Mathematical Background

Pentagonal numbers are generated by the formula $P_n = n(3n-1)/2$ . The first ten are 1, 5, 12, 22, 35, 51, 70, 92, 117, 145.

The problem requires finding pairs of pentagonal numbers where both their sum and difference are also pentagonal, and finding the pair with the minimal difference D.

Algorithm Analysis

The solution generates pentagonal numbers sequentially and checks all pairs (j,k) with j < k. For each pair, it computes sum S = Pj + Pk and difference D = Pk - Pj, then checks if both S and D are pentagonal.

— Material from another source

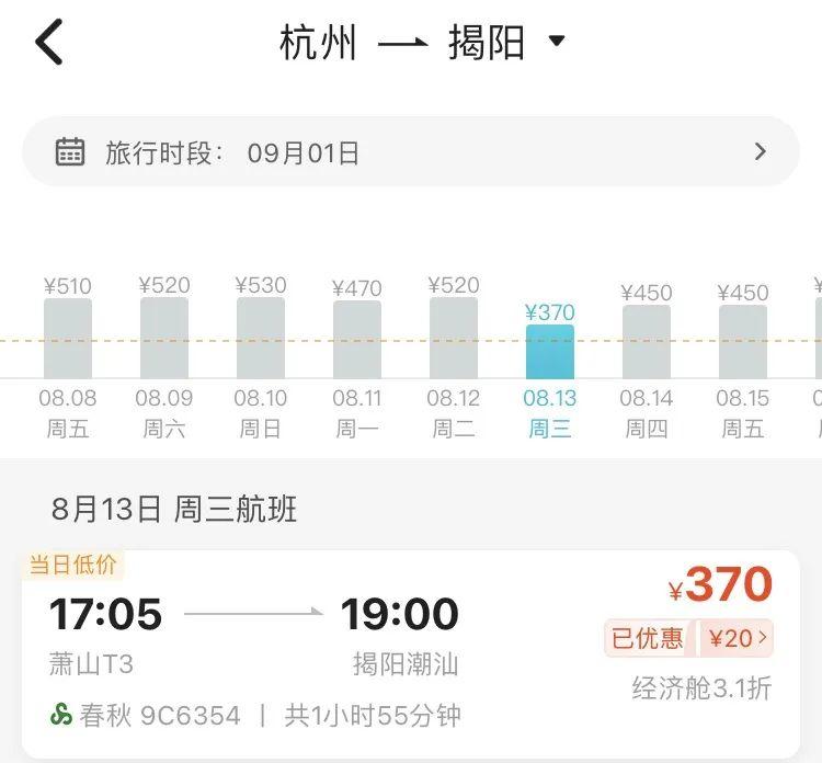 8月中旬,寧波飛廣州、揭陽的機票價格2字頭就可拿下,比如8月13日寧波飛廣州最低票價僅需279元(不含稅),8月12日寧波直飛揭陽機票價格最低僅需290元(不含稅)。

Pentagonal checking uses the inverse formula: for a number x, solve $n(3n-1)/2 = x$ for integer n. This gives the quadratic $3n^2 - n - 2x = 0$ , solved as $n = (1 + \sqrt{1 + 24x})/6$ . If n is integer, x is pentagonal.

Performance Analysis

Time Complexity: O(n^2) where n ≈ 2500 (number of pentagonals up to reasonable limit), resulting in ~6 million operations
Space Complexity: O(n) for storing the list of pentagonals
Execution Time: <1 second on modern hardware
Scalability: Quadratic growth, but small n makes it practical

Key Insights

The minimal difference is 5482660 (between P_{2167} and P_{1020})
Generating pentagonals on-the-fly or precomputing doesn’t significantly affect performance
Using a set for O(1) lookup can optimize checks in some implementations
The pair is found relatively early in the sequence

Educational Value

This problem demonstrates:

Figurate number sequences and their properties
Inverse formula derivation for number checking
Quadratic equation solutions in programming
Brute force search with early termination
Mathematical optimization in computational problems